Bond prices were lower as a rally in the stock markets undermined the safe-haven bid for government debt.
At 9:58 a.m. (1358 GMT), the Canadian dollar was down 0.5 percent against the U.S. dollar at C$1.1288, or 88.59 cents, down from C$1.1229 to the U.S. dollar, or 89.06 cents, at Wednesday's close.
The currency has been on a downtrend for the past fortnight, falling 4.2 percent so far this week, after dropping 4.5 percent the previous week -- its biggest weekly loss since at least 1970.
As the U.S. economy flirts with recession and the global economy stumbles, the Canadian dollar has been hit hard as Canada's prospects for growth are seen dwindling.
The United States absorbs three-quarters of Canada's exports. Around half of Canadian exports are commodities, the prices of which are falling with demand as economies shrink.
"Everyone is just looking forward to tomorrow, when we do get a huge amount of Canadian data," said Jacqui Douglas, currency strategist at TD Securities.
Data on Friday include a jobs report for September, international merchandise trade data for August, the new housing price index for August, and the Bank of Canada's Business Outlook Survey and Senior Loan Officer Survey.
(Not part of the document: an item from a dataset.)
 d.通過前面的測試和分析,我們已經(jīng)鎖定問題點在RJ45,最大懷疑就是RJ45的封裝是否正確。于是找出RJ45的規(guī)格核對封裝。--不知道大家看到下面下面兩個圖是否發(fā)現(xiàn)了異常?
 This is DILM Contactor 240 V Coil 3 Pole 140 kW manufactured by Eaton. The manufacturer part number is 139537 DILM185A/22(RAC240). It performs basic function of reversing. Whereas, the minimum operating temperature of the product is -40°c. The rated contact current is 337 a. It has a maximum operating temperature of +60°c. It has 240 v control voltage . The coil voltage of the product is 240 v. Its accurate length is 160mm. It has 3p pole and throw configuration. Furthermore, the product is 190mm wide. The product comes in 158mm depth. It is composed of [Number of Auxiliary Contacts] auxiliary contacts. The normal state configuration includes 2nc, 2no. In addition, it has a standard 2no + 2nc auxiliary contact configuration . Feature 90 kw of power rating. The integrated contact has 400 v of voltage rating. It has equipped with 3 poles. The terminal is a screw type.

"I think that we are going to see weakening in most of the major indicators," Douglas said.
Employment has slowed markedly in Canada since the furious pace of job growth last year and the trade balance is expected to deteriorate now that commodity prices have softened.
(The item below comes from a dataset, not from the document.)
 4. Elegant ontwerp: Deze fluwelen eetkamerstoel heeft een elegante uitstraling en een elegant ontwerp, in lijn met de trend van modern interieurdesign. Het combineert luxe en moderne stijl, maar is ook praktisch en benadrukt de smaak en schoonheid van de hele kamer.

"And I think the most important thing for the Bank of Canada for interest rates in Canada is the Business Outlook Survey that is coming out tomorrow," said Douglas. "I think we are going to see some serious softening there compared to the last one."
The Bank of Canada, along other major central banks around the world, cut its key lending rate on Wednesday in an attempt to help shore up investor confidence and get credit flowing.
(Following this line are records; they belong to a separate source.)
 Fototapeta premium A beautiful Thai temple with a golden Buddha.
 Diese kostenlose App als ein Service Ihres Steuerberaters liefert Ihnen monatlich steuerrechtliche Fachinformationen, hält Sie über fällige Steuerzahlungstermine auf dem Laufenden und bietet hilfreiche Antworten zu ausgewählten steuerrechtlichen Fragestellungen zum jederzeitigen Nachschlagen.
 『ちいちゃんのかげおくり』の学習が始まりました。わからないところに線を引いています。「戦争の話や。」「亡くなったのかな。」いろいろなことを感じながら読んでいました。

The surprise rate cut, which brings the bank's key rate down by 50 basis points to 2.50 percent, came ahead of its scheduled interest rate announcement on Oct. 21. See [ID:nN08492471]
BOND PRICES FALL
Bond prices were lower as investors moved cash into stock markets.
Sal Guatieri, senior economist at BMO Capital Markets, said that bond prices, while currently down, could be due for some healthy gains on Friday if data points to a softening Canadian economy.
"We're looking for a significant decline in the trade surplus because of plunging exports, and now a pullback in commodity prices, so that... may support the bond market because it will fit into the fear now that Canada's economy is at risk because of the downturn in both exports and commodity prices," he said.
In times of economic uncertainty, investors often seek the relative safety of government debt.
The Canadian overnight Libor ratewas 3.733 percent, down from 3.975 percent on Wednesday.
Wednesday's CORRA ratewas 2.489 percent, down from 2.923 percent on Tuesday. The Bank of Canada publishes the previous day's rate at around 9 a.m. daily.
The two-year bond fell 15 Canadian cents to C$101.07 to yield 2.233 percent. The 10-year bond slipped 63 Canadian cents to C$104.75 to yield 3.659 percent.
The yield spread between the two-year and the 10-year bond rose to 127 basis points from 133 basis points at the previous close.
The 30-year bond dropped 20 Canadian cents to C$114.20 to yield 4.147 percent. In the United States, the 30-year Treasury yielded 4.066 percent.